John Grisham‘s novel “The Firm” was a massive hit in 1991, cementing the Grisham formula — one crusading young lawyer vs. various flavors of bad guys — that that author would repeatedly return to throughout the 1990s and beyond. 

Just two years after the novel’s debut, a movie adaptation arrived in theaters, featuring a big movie star performance from Tom Cruise and a cast filled with the best character actors who were working in the 1990s. 

Many other Grisham novels would be adapted in the ensuing years, and another, The Pelican Brief, resulted in a movie just six months later. But The Firm, which arrived in June of 1993 — 30 years ago this week — was not only the best Grisham adaptation, but the best lawyer movie of the entire decade. And like a lot of other great lawyer movies, like Michael Clayton, it’s set entirely outside courtrooms. (And there’s a connection — Sydney Pollack, who directed The Firm, played the senior partner in Michael Clayton.) 



This isn’t to say that legal strategy isn’t important to the film, in fact, it’s absolutely crucial to the ending, which was changed from the book and made way better. (The screenplay is credited to playwright David Rabe, legendary screenwriter Robert Towne and frequent Pollack collaborator David Rayfiel.)

The Plot

Cruise plays Mitch McDeere, a quintessential Grisham hero: He’s a superstar young lawyer, who was at  the top of his class at Harvard Law School. Subject to a bidding war upon his graduation, he spurns the advances of big-city white shoe law firms and surprisingly chooses to work at Bendini, Lambert, and Locke, an obscure firm based in Memphis that specializes in helping rich clients exploit tax loopholes. 

They’ve agreed to pay Mitch, a man who grew up with modest means, a ton of money, buy him a house and car, and also pay off his student loans. Working there means lots of trips to the Cayman Islands, because it’s a tax haven, and also so associates can get blackmailed, or killed in suspicious diving accidents. 

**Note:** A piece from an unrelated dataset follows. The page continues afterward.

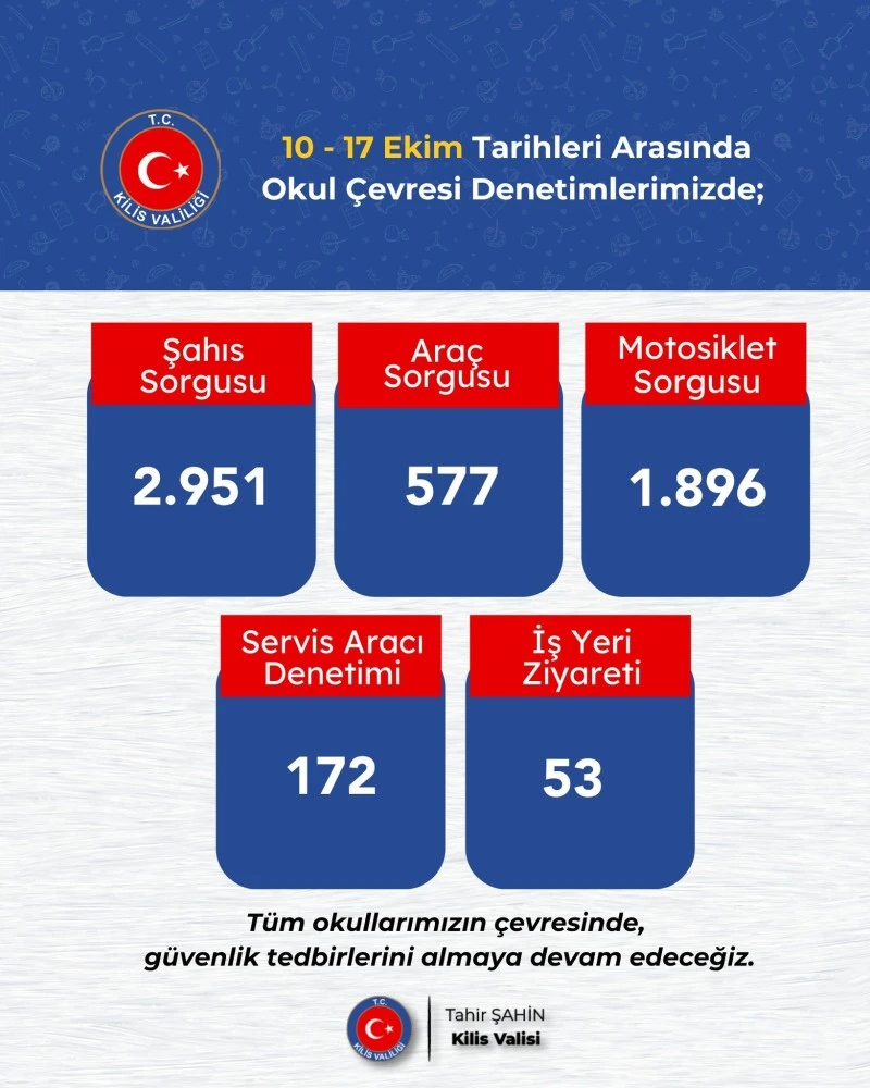 <h3>Kilis Valiliği koordinesinde, 10-17 Ekim tarihleri arasında okul çevrelerinde güvenliğin sağlanması amacıyla kapsamlı denetimler gerçekleştirildi.</h3> <div></div> <div>Öğrencilerin huzur ve güven içinde eğitimlerini sürdürebilmeleri için yürütülen çalışmalarda, şahıs ve araçlara yönelik binlerce sorgulama yapıldı.</div> <div>Yapılan denetimlerde:</div> <div>2.951 şahıs sorgulandı</div> <div>577 araç kontrol edildi</div> <div>1.896 motosiklet sorgulandı</div> <div>172 okul servisi denetlendi</div> <div>53 iş yeri ziyareti gerçekleştirildi</div> <div>Denetimlerin amacı, okul çevresindeki güvenliği artırmak, olası riskleri en aza indirmek ve öğrencilerin korunmasını sağlamaktı.</div> <div>Kilis Valisi Tahir Şahin, yapılan açıklamada, “Tüm okullarımızın çevresinde güvenlik tedbirlerini almaya devam edeceğiz,” ifadelerine yer verdi.</div> <div>Haber: İbrahim Güneş</div> <div></div> <div> </div> <div></div> <div> Kilis’te Nefes Kesen Kayıp Arama ve Kurtarma</div>
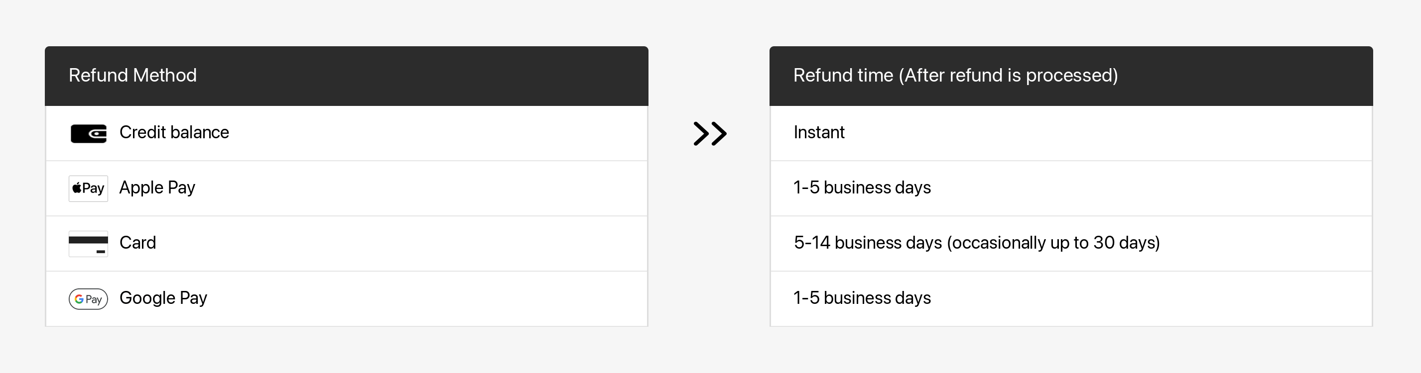 Once the refund is processed, your financial institution will need additional time to have it reflected in your account. Refer to the following table for more details.

It soon turns out the firm is a front for the Morolto brothers of the Chicago mafia and also represents various other criminals and thieves. This explains why they can pay so much, and also why lawyers who have tried to leave the firm in the past have wound up dead. Mitch and his wife Abby (Jeanne Tripplehorn) soon find themselves caught between the firm and the zealous FBI (in the person of agent Ed Harris), gaining some help from a private eye (Gary Busey) and his secretary (Holly Hunter).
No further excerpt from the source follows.